My thanks go to NetGalley and Archipelago for a review copy of this book in exchange for my honest feedback.
Nothing ever happens in this small town where a naked woman has appeared in the river. Where has she come from and how did she arrived? What could she possibly want from a town that has nothing to give? She’s lost and searching. Searching for her family. They have been taken away. By who? And why? Questions to be answered.
And that’s where The Joyful Song of a Partridge begins. Questions are stacked up for the reader, with a gentle inclination towards the information that will be revealed at a later point in the book. This immediately hooks the reader. Coupled with luscious prose, you cannot help but fall into the story at record speed. And despite the book’s length, I don’t think it ever lulls or becomes uninteresting. Having revealed nothing but described for those first 30 or so pages, we as the reader are left with so many questions, that the book naturally needs the time and space to answer each of them. It’s a wonderfully crafted book, with some meticulous pacing throughout.
The characters of this book have a way of looking back, a particular element to their characters, that provides information and says so much without saying very much at all. Everything important that’s being said hangs in the background of the characters’ choices and actions. They will drop in a one liner or two on every 50 or so pages that leaves the reader thinking, quaking even, at the tippling effect they give to your mind.

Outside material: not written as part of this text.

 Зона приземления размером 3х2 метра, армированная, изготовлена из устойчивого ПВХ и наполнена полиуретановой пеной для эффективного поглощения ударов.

This is a novel that centres around an uncovering of the past. It is a collective of people coming to realise their own story and tell it in real time, in their own words. They have been silent and suppressed for so long, with attitudes being forced into their collective consciousness for centuries, due to the occupation of their home and their land. This story opens the gates that have been rusted over for so long, whilst creating new myths and fables that add to their own culture for centuries to come. It is an uncovering and a building of a people, with a story that is pillared by characters that stick and shine.
A beautiful book, with some gloriously slick prose, and translated with the heart and care that such a delicate story deserves.

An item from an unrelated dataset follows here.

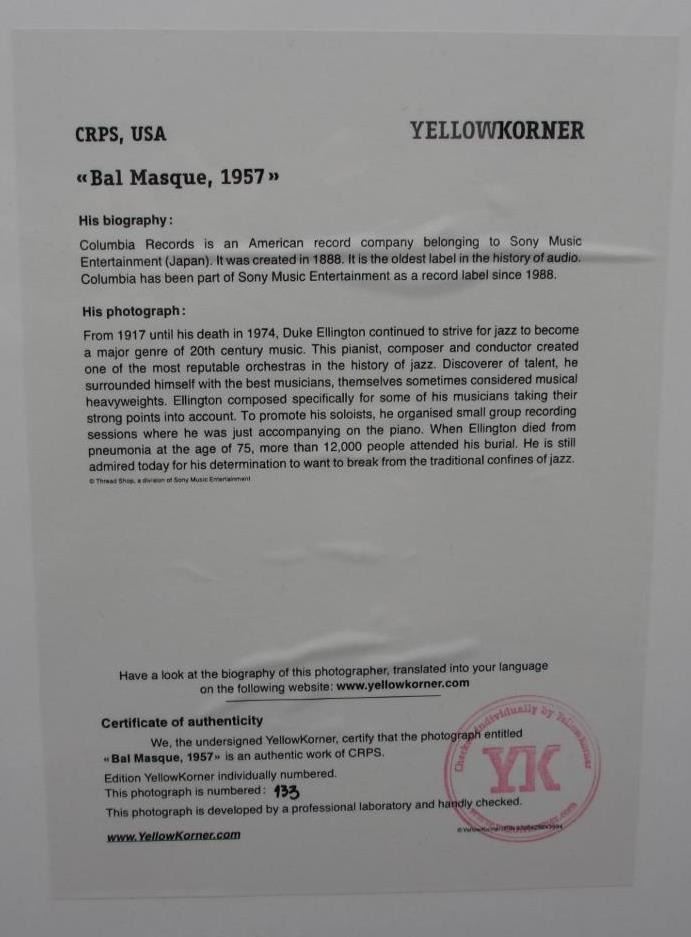 Duke Ellington Bal Masque Certified Photograph, CRPS YellowKorner Certified Photograph. Certificate of Authenticity from YellowKorner affixed to the back. Matted Dimensions 16"x20". Protected with Clear Mylar Sleeve.

Huge thanks to Netgalley and Archipelago press for the digital ARC of Paulina Chiziane's 'The Joyful Song of the Partridge'.

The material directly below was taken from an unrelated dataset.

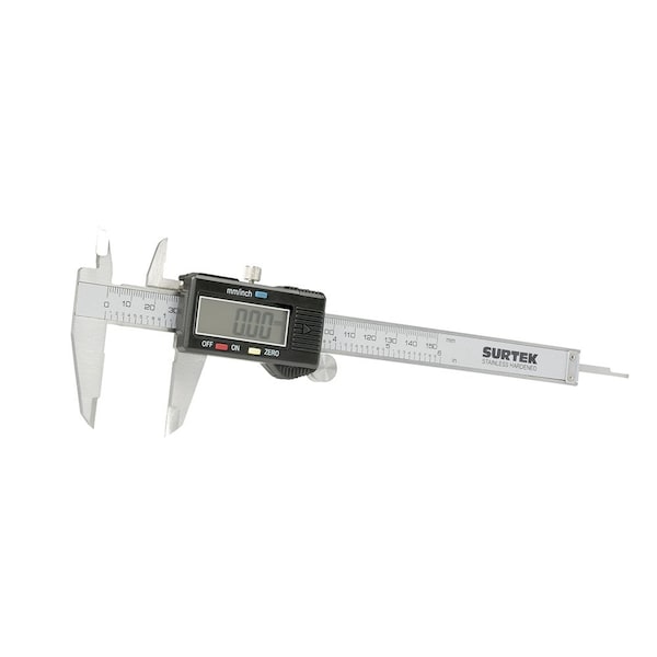 Digital Vernier 0-6" Surtek. Able to set zero at any position. Readings and conversions in millimeters and inches. Serial output for computer or printer interface. Able to compare, measure between centers, measuring grooves, etc. Made of stainless steel.

'The Joyful Song of the Partridge' is an ambitious novel about the history of Mozambique.
It was beautifully translated from the Portuguese by David Brookshaw.
A strange woman appears in a town where nothing ever happens.
She is sitting naked in the river.
The townspeople say she must be crazy or possessed because she seems too comfortable with her nakedness, and she has no idea where she came from.
What led her to that state of mind?
"She said her name was Maria," one of the women explains.
"Can that really be her name?" The headman's wife asks.
"Every Maria has another name, because Maria isn't a name, it's a synonym
of woman. But tell me: what was she like?"
"She has the shape of a person but isn't a person. She looked like the angel of darkness. A messenger of disaster. She looked like a ghost, a creature from another world," one of the women says."
The townspeople interpret her arrival as a bad omen, and some take it as a sign that women will soon take over the position of power from the greedy hands of men.
At its core, 'The Joyful Song of the Partridge', is a novel about Mozambique under the Portuguese colonial rule. It's about the effects of colonialism on the colonised populations.
It's a family saga full of diverse characters from various backgrounds. It has a nice balance of Mozambican history, fairytales and the author's humorous frankness.
I truly enjoyed the storytelling and imagery in this novel.
There's a quote in this novel that describes how I feel about Paulina Chiziane's writing:
"Telling a story means carrying minds on a flight of the imagination and then bringing them back to the world of reflection."
With 'The Joyful Song of the Partridge' she achieved just that.